▶ **WHAT IS NEEDED**
Write out exactly, and only, the lines below from the line with "2,连线时可以重新添加规则。" through the line with "This Pink Color"; pictures do not belong in the copy.
+--
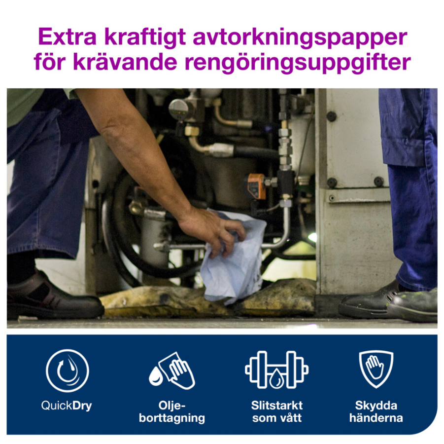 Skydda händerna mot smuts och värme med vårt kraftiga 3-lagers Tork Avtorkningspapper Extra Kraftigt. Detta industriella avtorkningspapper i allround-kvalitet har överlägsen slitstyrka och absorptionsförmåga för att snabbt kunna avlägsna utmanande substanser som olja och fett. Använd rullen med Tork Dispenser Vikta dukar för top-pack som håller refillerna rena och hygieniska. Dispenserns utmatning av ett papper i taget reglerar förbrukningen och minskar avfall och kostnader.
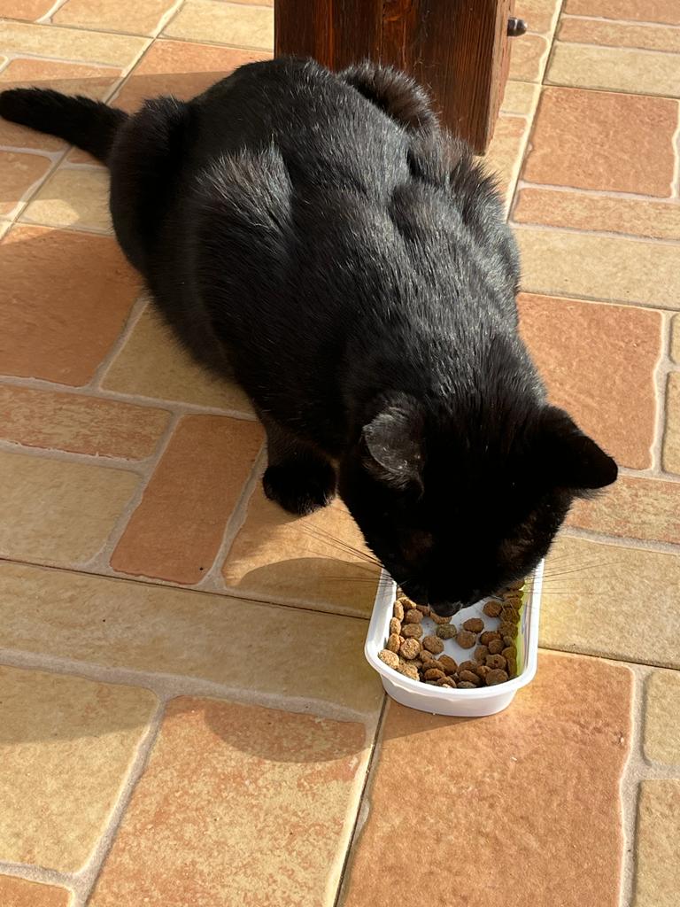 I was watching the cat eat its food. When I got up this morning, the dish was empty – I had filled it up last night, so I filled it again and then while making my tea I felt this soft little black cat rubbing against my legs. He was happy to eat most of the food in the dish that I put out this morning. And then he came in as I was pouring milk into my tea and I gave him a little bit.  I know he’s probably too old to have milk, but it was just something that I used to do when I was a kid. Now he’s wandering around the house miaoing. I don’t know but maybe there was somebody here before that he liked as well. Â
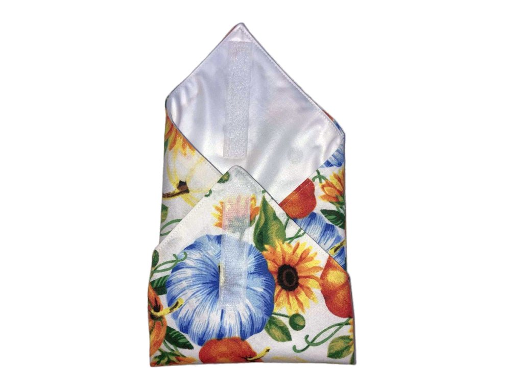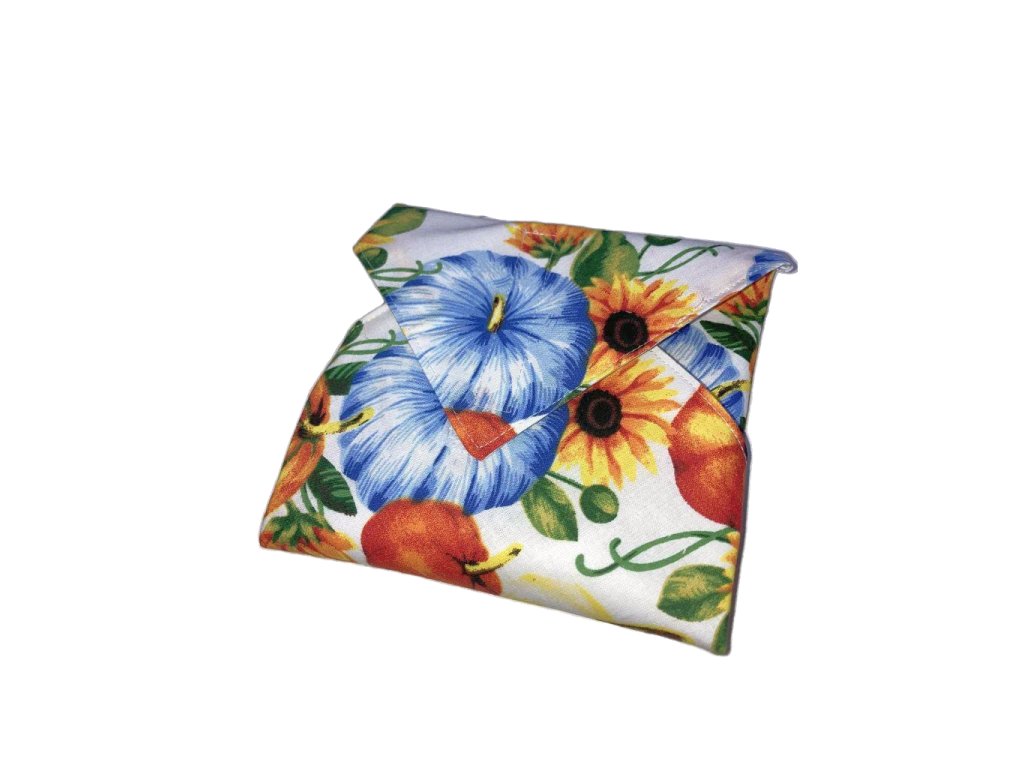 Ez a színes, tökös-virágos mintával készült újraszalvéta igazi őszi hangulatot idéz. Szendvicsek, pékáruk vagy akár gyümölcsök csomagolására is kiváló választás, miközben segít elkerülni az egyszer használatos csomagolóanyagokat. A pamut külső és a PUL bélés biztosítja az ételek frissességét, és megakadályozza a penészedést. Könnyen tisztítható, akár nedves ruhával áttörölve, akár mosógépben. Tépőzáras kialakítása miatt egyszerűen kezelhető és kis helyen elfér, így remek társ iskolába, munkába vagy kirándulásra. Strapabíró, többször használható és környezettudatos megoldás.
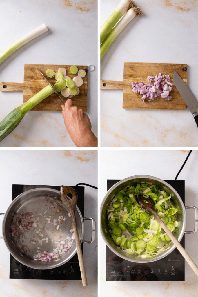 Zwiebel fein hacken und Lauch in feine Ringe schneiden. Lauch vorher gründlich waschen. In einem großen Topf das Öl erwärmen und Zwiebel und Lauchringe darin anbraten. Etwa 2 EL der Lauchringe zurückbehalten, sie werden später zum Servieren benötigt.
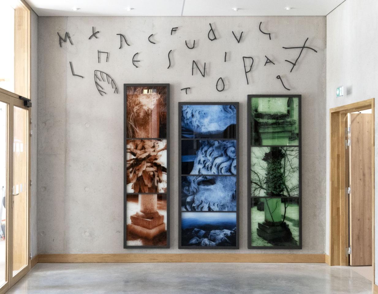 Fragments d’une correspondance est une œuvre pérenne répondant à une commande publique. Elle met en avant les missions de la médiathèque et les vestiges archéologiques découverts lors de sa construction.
+--
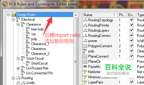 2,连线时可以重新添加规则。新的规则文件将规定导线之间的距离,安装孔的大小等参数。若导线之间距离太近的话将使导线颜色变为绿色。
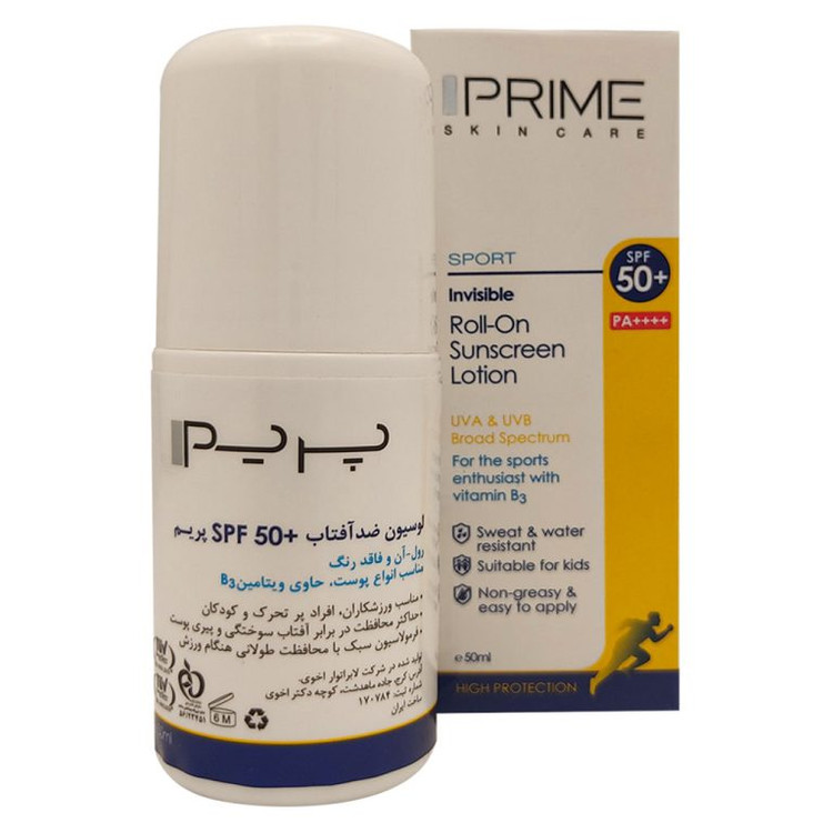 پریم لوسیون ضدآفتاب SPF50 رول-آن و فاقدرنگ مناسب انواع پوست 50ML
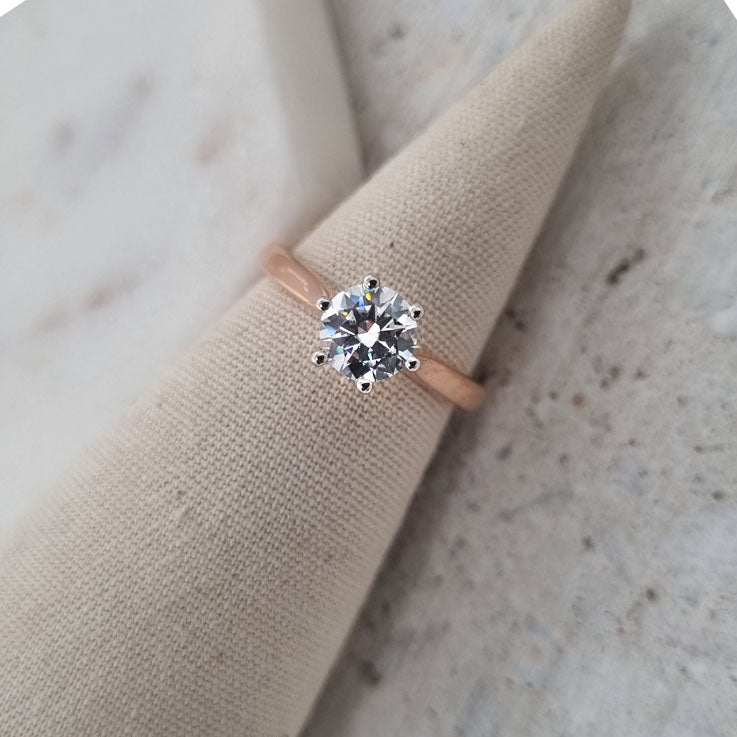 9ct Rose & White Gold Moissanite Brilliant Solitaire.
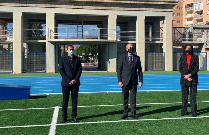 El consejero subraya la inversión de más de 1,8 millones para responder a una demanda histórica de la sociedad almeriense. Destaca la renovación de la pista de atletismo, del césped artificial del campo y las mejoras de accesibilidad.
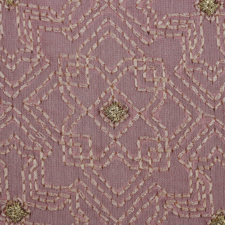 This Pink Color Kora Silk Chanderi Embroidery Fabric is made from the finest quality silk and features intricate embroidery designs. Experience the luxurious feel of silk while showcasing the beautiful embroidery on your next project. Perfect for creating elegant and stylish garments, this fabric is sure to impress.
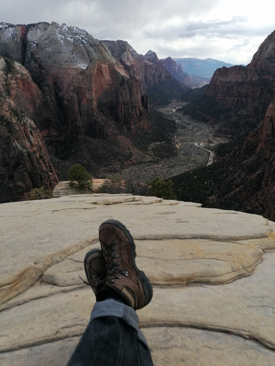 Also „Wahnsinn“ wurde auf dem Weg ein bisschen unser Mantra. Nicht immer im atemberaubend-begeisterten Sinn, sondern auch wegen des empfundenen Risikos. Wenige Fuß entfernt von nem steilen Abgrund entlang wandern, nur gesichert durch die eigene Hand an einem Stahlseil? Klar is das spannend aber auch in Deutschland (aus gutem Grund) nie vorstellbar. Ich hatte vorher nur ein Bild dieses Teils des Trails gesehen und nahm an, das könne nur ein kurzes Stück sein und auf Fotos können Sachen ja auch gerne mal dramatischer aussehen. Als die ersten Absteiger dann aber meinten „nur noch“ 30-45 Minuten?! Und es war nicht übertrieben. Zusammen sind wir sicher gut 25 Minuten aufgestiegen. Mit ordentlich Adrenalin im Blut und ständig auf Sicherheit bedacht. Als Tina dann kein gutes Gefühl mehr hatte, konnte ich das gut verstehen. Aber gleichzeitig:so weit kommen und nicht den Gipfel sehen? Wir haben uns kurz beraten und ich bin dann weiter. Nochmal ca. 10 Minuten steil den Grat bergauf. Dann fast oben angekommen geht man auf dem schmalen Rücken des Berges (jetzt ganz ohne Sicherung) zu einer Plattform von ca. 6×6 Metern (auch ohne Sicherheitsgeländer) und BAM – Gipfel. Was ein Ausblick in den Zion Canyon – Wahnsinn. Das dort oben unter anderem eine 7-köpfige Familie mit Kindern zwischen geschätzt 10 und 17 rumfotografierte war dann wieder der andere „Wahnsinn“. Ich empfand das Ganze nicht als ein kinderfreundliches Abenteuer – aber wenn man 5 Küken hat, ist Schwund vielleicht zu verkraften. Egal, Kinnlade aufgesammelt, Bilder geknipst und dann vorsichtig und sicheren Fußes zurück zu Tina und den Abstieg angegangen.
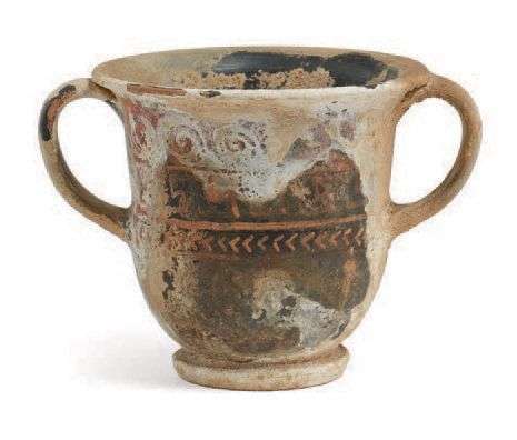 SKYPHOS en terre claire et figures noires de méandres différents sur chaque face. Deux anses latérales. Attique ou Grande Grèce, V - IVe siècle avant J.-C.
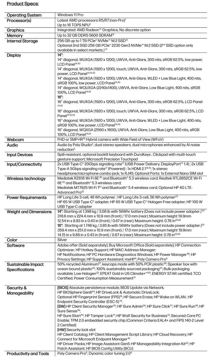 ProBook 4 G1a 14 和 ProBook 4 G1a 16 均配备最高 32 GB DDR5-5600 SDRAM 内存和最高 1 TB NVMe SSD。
+--
▶ **EXERCISE SOLUTION**
 2,连线时可以重新添加规则。新的规则文件将规定导线之间的距离,安装孔的大小等参数。若导线之间距离太近的话将使导线颜色变为绿色。
 پریم لوسیون ضدآفتاب SPF50 رول-آن و فاقدرنگ مناسب انواع پوست 50ML
 9ct Rose & White Gold Moissanite Brilliant Solitaire.
 El consejero subraya la inversión de más de 1,8 millones para responder a una demanda histórica de la sociedad almeriense. Destaca la renovación de la pista de atletismo, del césped artificial del campo y las mejoras de accesibilidad.
 This Pink Color Kora Silk Chanderi Embroidery Fabric is made from the finest quality silk and features intricate embroidery designs. Experience the luxurious feel of silk while showcasing the beautiful embroidery on your next project. Perfect for creating elegant and stylish garments, this fabric is sure to impress.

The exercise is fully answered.